Before copying, set the pictures aside; then repeat every line below verbatim.

The input Block Start

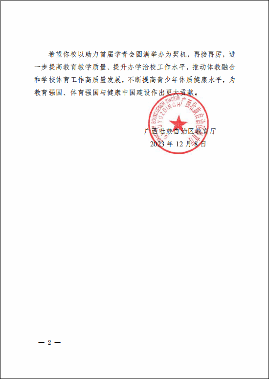 下一步,学校将紧扣自治区党委、政府关于广西体育强区建设和体育高质量发展的工作部署,认真总结本届学青会跆拳道项目、举重项目承办工作经验,运用好学青会成果,弘扬“拼”的精神、“闯”的劲头、“赢”的勇气,进一步推动学校高质量发展,为奋力谱写中国式现代化广西篇章贡献力量。
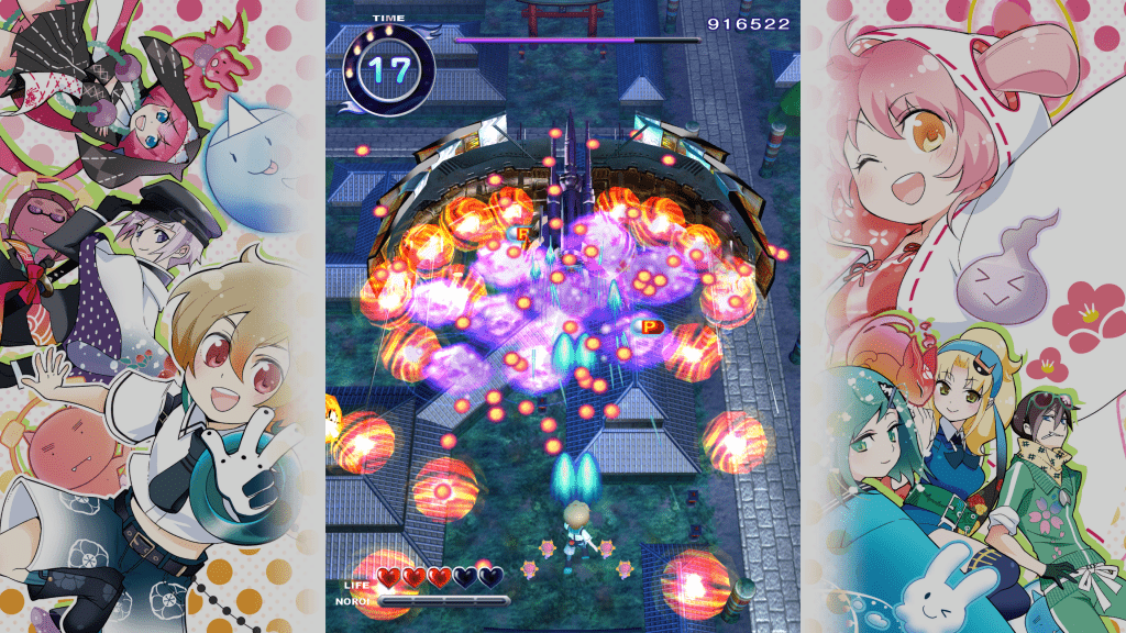 Au rayon des nouveautés, Mamorukun ReCurse! propose désormais un format d’écran plus moderne, à savoir le format écran large. Plus intéressant encore, le joueur a le choix entre deux types de maniabilité. À savoir la version classique où on laisse son doigt enfoncé sur un bouton pour tirer ou une nouvelle version de jouer façon twin sticks shooters où l’on fait feu avec un stick tout en dirigeant le personnage avec l’autre. Sont inclus aussi les personnages autrefois en DLC payants, ainsi que des costumes et un mode Gallery. En bref, on ne se moque pas de nous question contenu. On constate enfin une légère amélioration des graphismes, même si le jeu a évidemment un peu vieilli. L’ensemble n’est pas laid pour autant, et reste tout à fait acceptable pour un shoot’em up étant donné que, là encore, ce n’est pas ce qu’on attend le plus ici. Enfin, la bande-son du jeu est toujours aussi bonne, avec des musiques dynamiques, et même un thème chanté franchement bien sympathique.
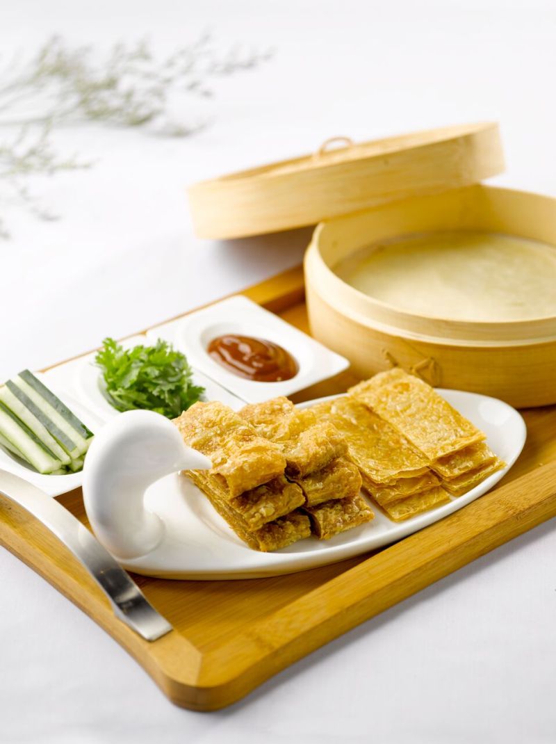 另一瞩目的是,宫廷素甲($24),灵感来自北京鸭,主料是素鹅和豆皮,两者煎至香脆,吃法有如吃北京鸭,将饼皮涂上一层甜面酱,再加入素鹅和豆皮、黄瓜条、芫荽卷起,口中呈现的是脆甜鲜。
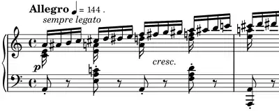 Musicologist Hugo Leichtentritt (1874–1951) calls the étude a "moto perpetuo".[10] The transparent texture of nonstop semiquavers accompanied by a light "dancing" bass has its forerunners in Bach's Prelude No. 5 in D major (BWV 850) from the first book of The Well-Tempered Clavier and resembles other virtuoso pieces from around 1830 such as Paganini's Moto Perpetuo for violin and piano. In Robert Schumann's substantial 1836 Neue Zeitschrift für Musik article on piano études,[11] all Chopin Études Op. 10 are awarded an asterisk (*) for "poetic character" except No. 2. But Leichtentritt describes its sound effect as the "murmuring and blowing of a gentle wind",[10] French pianist Alfred Cortot (1877–1962) mentions its "gliding and vaporous character"[12] and Alfredo Casella talks about a "character of swift, aerial and unsubstantial mysteriousness".[13] The American music critic James Huneker (1857–1921) writes that "the entire composition, with its murmuring, meandering, chromatic character, is a forerunner to the whispering, weaving, moonlit effects in some of [Chopin's] later studies".[9]
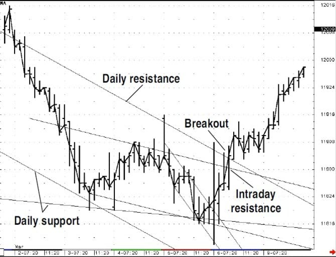 I used 40-minute bars simply for personal preference. You can use any number of minutes per bar you choose; just make sure it divides the daily trading hours into an equal number of intraday bars. At this point, we know that we have trend direction as well as support and resistance levels based on the trend channels from the daily chart. So now the problem turns to the selection of which technical method to employ at appropriate points in time based on the intraday chart analysis.
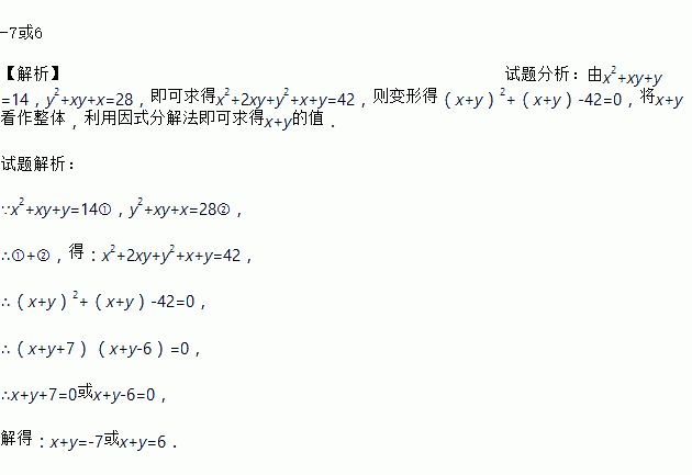 -7或6 【解析】试题分析:由x2+xy+y=14,y2+xy+x=28,即可求得x2+2xy+y2+x+y=42,则变形得(x+y)2+(x+y)-42=0,将x+y看作整体,利用因式分解法即可求得x+y的值. 试题解析: ∵x2+xy+y=14①,y2+xy+x=28②, ∴①+②,得:x2+2xy+y2+x+y=42, ∴(x+y)2+(x+y)-42=0, ...
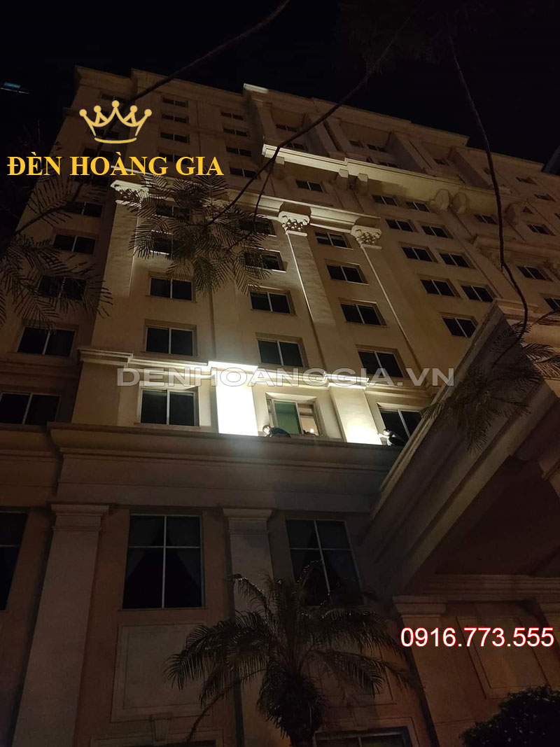 Công trình trên đây là một vách tường của một mặt dựng tòa nhà tương đối lớn. Công trình cao hơn 10 tầng. Khu vực vách tường cần chiếu sáng có bề ngang khá rộng. Nếu bình thường với độ cao như vậy các bạn có thể lựa chọn lắp đèn led rọi cột 45w/54w. Tuy nhiên, vì vách tường lớn nên lựa chọn được đề xuất là đèn led rọi cột 81w kết hợp với kỹ thuật căn chỉnh cách lắp đèn để có hiệu quả chiếu sáng tốt nhất.
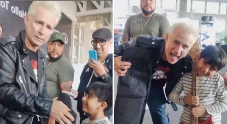 Mike Dirnt, integrante de Green Day, regaló bajo a niño mexicano
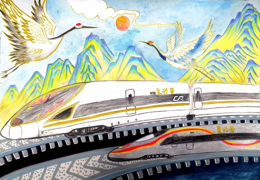 在火车上,我还把硬币立在窗台上做了小测试,掐表看它多久才会倒下,不过我打了好几个呵欠都没等到……我还喜欢列车广播的播报: “前方进入隧道。”随后车厢内外倏忽就暗下来,我心里就开始了奇幻的想象。邻座的男孩子也喜欢高铁穿隧道的感觉,我俩就把隧道命名为“时空小黑洞”。我们一起趴在车窗上,数着一路上要经过多少个这样的“黑洞”,很有趣。
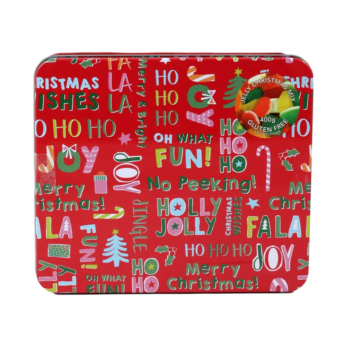 This holly jolly Christmas tin is just what you need for the Christmas party – perfect for sweet cravings and treats.
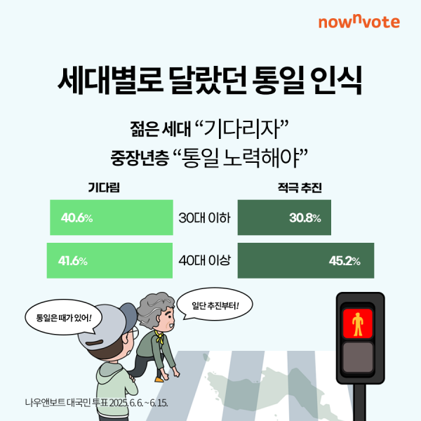 연령별로 보면, 30대 이하에서는 ‘기다려야 한다’는 응답이 40.6%로 ‘빨리 통일해야 한다’(30.8%)보다 9.8%포인트 높았다. 반면 40대 이상에서는 이와 반대로 ‘빨리 통일해야 한다’는 응답이 45.2%로 ‘기다려야 한다’(41.6%)보다 3.6%포인트 높게 나타나, 세대별 통일 추진에 대한 인식 차이가 분명히 드러났다.
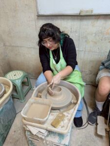 The last event I attended was a pottery workshop in the small town of Yingge, known for its ceramics and art. It wasn’t too far from the city. There were many shops selling ceramics. I wanted to visit each one! We were taken to an older building where there were tables set for us and pottery wheels. The owner taught us how to do pinch pottery, and we all had the chance to make something on the wheel as well. I made a small cup, and in a month, the owner will send it to us so we can take it home! I’m really looking forward to seeing how it turns out. After the event, I visited the Yingge Ceramics Museum, where I got to learn more about the history of ceramics and the different creation methods.
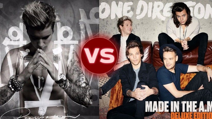 Los dos productos más rentables de la industria musical: One Direction y Justin Bieber; estrenan este viernes 13 de noviembre sus nuevos trabajos discográficos. ¡La batalla está declarada!
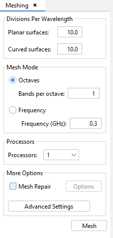 - Divisions per wavelength: The user may specify different mesh density in planar and curved surfaces. Planar surfaces are contained in a single plane, otherwise surfaces are curved. Let c be the speed of light in the vacuum (meters per second), given a number of divisions D and a frequency f, the size of the generated elements L is given by:
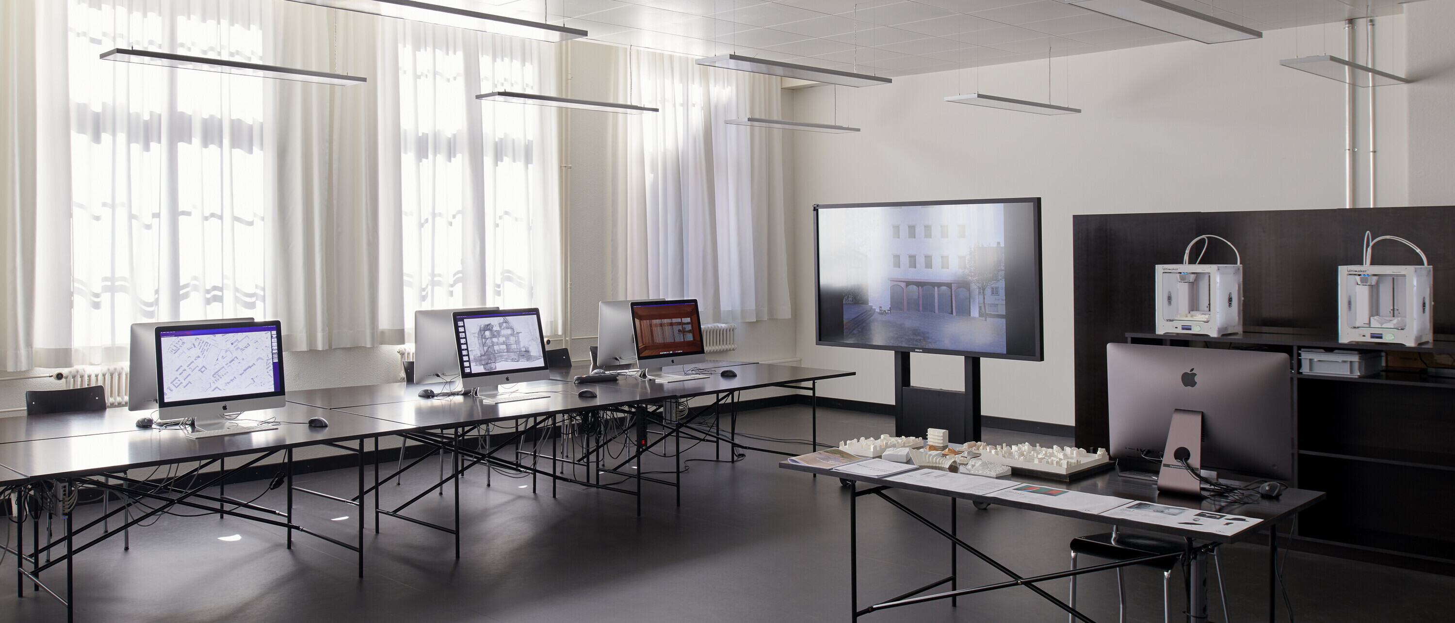 Arbeitsstationen mit allen gängigen CAD-, 3D-, Rendering-, Bildbearbeitungs- und Publishinganwendungen stehen in der Digitalwerkstatt zur Verfügung. Daneben gehören Drohnen, LIDAR-Scanner und VR-Brillen, aber auch Plotter, 3D-Drucker und Lasercutter zur Ausrüstung. In der Digitalwerkstatt werden analoge und digitale Aufnahme- und Darstellungstechniken miteinander kombiniert.
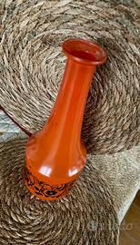 Bottiglia da collezione risalente agli anni ‘60- '70. Il design è una creazione artistica, attribuibile all’azienda Beccaro, nota per le sue bottiglie artistiche destinate al mercato dei liquori, in particolare per il vino liquoroso "Lacryma Christi". L'oggetto è realizzato in vetro laccato\colorato di colore arancio intenso e ornamenti in nero. Il corpo è decorato con un motivo in nero che ritrae delle colombe intorno ad ornamenti classici, elementi stilistici tipici di quel periodo.
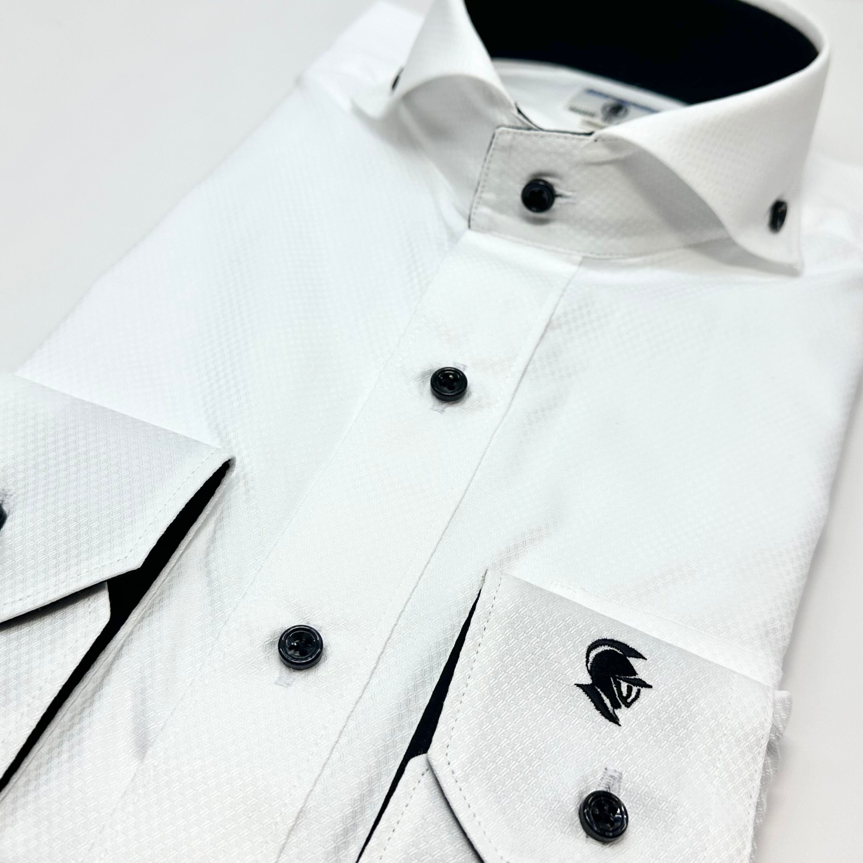 衿が開いた見た目はカッタウェイとほとんど変わりませんが、両サイドに飾りボタンがあるイメージです。

The input Block End

● Solution below
 下一步,学校将紧扣自治区党委、政府关于广西体育强区建设和体育高质量发展的工作部署,认真总结本届学青会跆拳道项目、举重项目承办工作经验,运用好学青会成果,弘扬“拼”的精神、“闯”的劲头、“赢”的勇气,进一步推动学校高质量发展,为奋力谱写中国式现代化广西篇章贡献力量。
 Au rayon des nouveautés, Mamorukun ReCurse! propose désormais un format d’écran plus moderne, à savoir le format écran large. Plus intéressant encore, le joueur a le choix entre deux types de maniabilité. À savoir la version classique où on laisse son doigt enfoncé sur un bouton pour tirer ou une nouvelle version de jouer façon twin sticks shooters où l’on fait feu avec un stick tout en dirigeant le personnage avec l’autre. Sont inclus aussi les personnages autrefois en DLC payants, ainsi que des costumes et un mode Gallery. En bref, on ne se moque pas de nous question contenu. On constate enfin une légère amélioration des graphismes, même si le jeu a évidemment un peu vieilli. L’ensemble n’est pas laid pour autant, et reste tout à fait acceptable pour un shoot’em up étant donné que, là encore, ce n’est pas ce qu’on attend le plus ici. Enfin, la bande-son du jeu est toujours aussi bonne, avec des musiques dynamiques, et même un thème chanté franchement bien sympathique.
 另一瞩目的是,宫廷素甲($24),灵感来自北京鸭,主料是素鹅和豆皮,两者煎至香脆,吃法有如吃北京鸭,将饼皮涂上一层甜面酱,再加入素鹅和豆皮、黄瓜条、芫荽卷起,口中呈现的是脆甜鲜。
 Musicologist Hugo Leichtentritt (1874–1951) calls the étude a "moto perpetuo".[10] The transparent texture of nonstop semiquavers accompanied by a light "dancing" bass has its forerunners in Bach's Prelude No. 5 in D major (BWV 850) from the first book of The Well-Tempered Clavier and resembles other virtuoso pieces from around 1830 such as Paganini's Moto Perpetuo for violin and piano. In Robert Schumann's substantial 1836 Neue Zeitschrift für Musik article on piano études,[11] all Chopin Études Op. 10 are awarded an asterisk (*) for "poetic character" except No. 2. But Leichtentritt describes its sound effect as the "murmuring and blowing of a gentle wind",[10] French pianist Alfred Cortot (1877–1962) mentions its "gliding and vaporous character"[12] and Alfredo Casella talks about a "character of swift, aerial and unsubstantial mysteriousness".[13] The American music critic James Huneker (1857–1921) writes that "the entire composition, with its murmuring, meandering, chromatic character, is a forerunner to the whispering, weaving, moonlit effects in some of [Chopin's] later studies".[9]
 I used 40-minute bars simply for personal preference. You can use any number of minutes per bar you choose; just make sure it divides the daily trading hours into an equal number of intraday bars. At this point, we know that we have trend direction as well as support and resistance levels based on the trend channels from the daily chart. So now the problem turns to the selection of which technical method to employ at appropriate points in time based on the intraday chart analysis.
 -7或6 【解析】试题分析:由x2+xy+y=14,y2+xy+x=28,即可求得x2+2xy+y2+x+y=42,则变形得(x+y)2+(x+y)-42=0,将x+y看作整体,利用因式分解法即可求得x+y的值. 试题解析: ∵x2+xy+y=14①,y2+xy+x=28②, ∴①+②,得:x2+2xy+y2+x+y=42, ∴(x+y)2+(x+y)-42=0, ...
 Công trình trên đây là một vách tường của một mặt dựng tòa nhà tương đối lớn. Công trình cao hơn 10 tầng. Khu vực vách tường cần chiếu sáng có bề ngang khá rộng. Nếu bình thường với độ cao như vậy các bạn có thể lựa chọn lắp đèn led rọi cột 45w/54w. Tuy nhiên, vì vách tường lớn nên lựa chọn được đề xuất là đèn led rọi cột 81w kết hợp với kỹ thuật căn chỉnh cách lắp đèn để có hiệu quả chiếu sáng tốt nhất.
 Mike Dirnt, integrante de Green Day, regaló bajo a niño mexicano
 在火车上,我还把硬币立在窗台上做了小测试,掐表看它多久才会倒下,不过我打了好几个呵欠都没等到……我还喜欢列车广播的播报: “前方进入隧道。”随后车厢内外倏忽就暗下来,我心里就开始了奇幻的想象。邻座的男孩子也喜欢高铁穿隧道的感觉,我俩就把隧道命名为“时空小黑洞”。我们一起趴在车窗上,数着一路上要经过多少个这样的“黑洞”,很有趣。
 This holly jolly Christmas tin is just what you need for the Christmas party – perfect for sweet cravings and treats.
 연령별로 보면, 30대 이하에서는 ‘기다려야 한다’는 응답이 40.6%로 ‘빨리 통일해야 한다’(30.8%)보다 9.8%포인트 높았다. 반면 40대 이상에서는 이와 반대로 ‘빨리 통일해야 한다’는 응답이 45.2%로 ‘기다려야 한다’(41.6%)보다 3.6%포인트 높게 나타나, 세대별 통일 추진에 대한 인식 차이가 분명히 드러났다.
 The last event I attended was a pottery workshop in the small town of Yingge, known for its ceramics and art. It wasn’t too far from the city. There were many shops selling ceramics. I wanted to visit each one! We were taken to an older building where there were tables set for us and pottery wheels. The owner taught us how to do pinch pottery, and we all had the chance to make something on the wheel as well. I made a small cup, and in a month, the owner will send it to us so we can take it home! I’m really looking forward to seeing how it turns out. After the event, I visited the Yingge Ceramics Museum, where I got to learn more about the history of ceramics and the different creation methods.
 Los dos productos más rentables de la industria musical: One Direction y Justin Bieber; estrenan este viernes 13 de noviembre sus nuevos trabajos discográficos. ¡La batalla está declarada!
 - Divisions per wavelength: The user may specify different mesh density in planar and curved surfaces. Planar surfaces are contained in a single plane, otherwise surfaces are curved. Let c be the speed of light in the vacuum (meters per second), given a number of divisions D and a frequency f, the size of the generated elements L is given by:
 Arbeitsstationen mit allen gängigen CAD-, 3D-, Rendering-, Bildbearbeitungs- und Publishinganwendungen stehen in der Digitalwerkstatt zur Verfügung. Daneben gehören Drohnen, LIDAR-Scanner und VR-Brillen, aber auch Plotter, 3D-Drucker und Lasercutter zur Ausrüstung. In der Digitalwerkstatt werden analoge und digitale Aufnahme- und Darstellungstechniken miteinander kombiniert.
 Bottiglia da collezione risalente agli anni ‘60- '70. Il design è una creazione artistica, attribuibile all’azienda Beccaro, nota per le sue bottiglie artistiche destinate al mercato dei liquori, in particolare per il vino liquoroso "Lacryma Christi". L'oggetto è realizzato in vetro laccato\colorato di colore arancio intenso e ornamenti in nero. Il corpo è decorato con un motivo in nero che ritrae delle colombe intorno ad ornamenti classici, elementi stilistici tipici di quel periodo.
 衿が開いた見た目はカッタウェイとほとんど変わりませんが、両サイドに飾りボタンがあるイメージです。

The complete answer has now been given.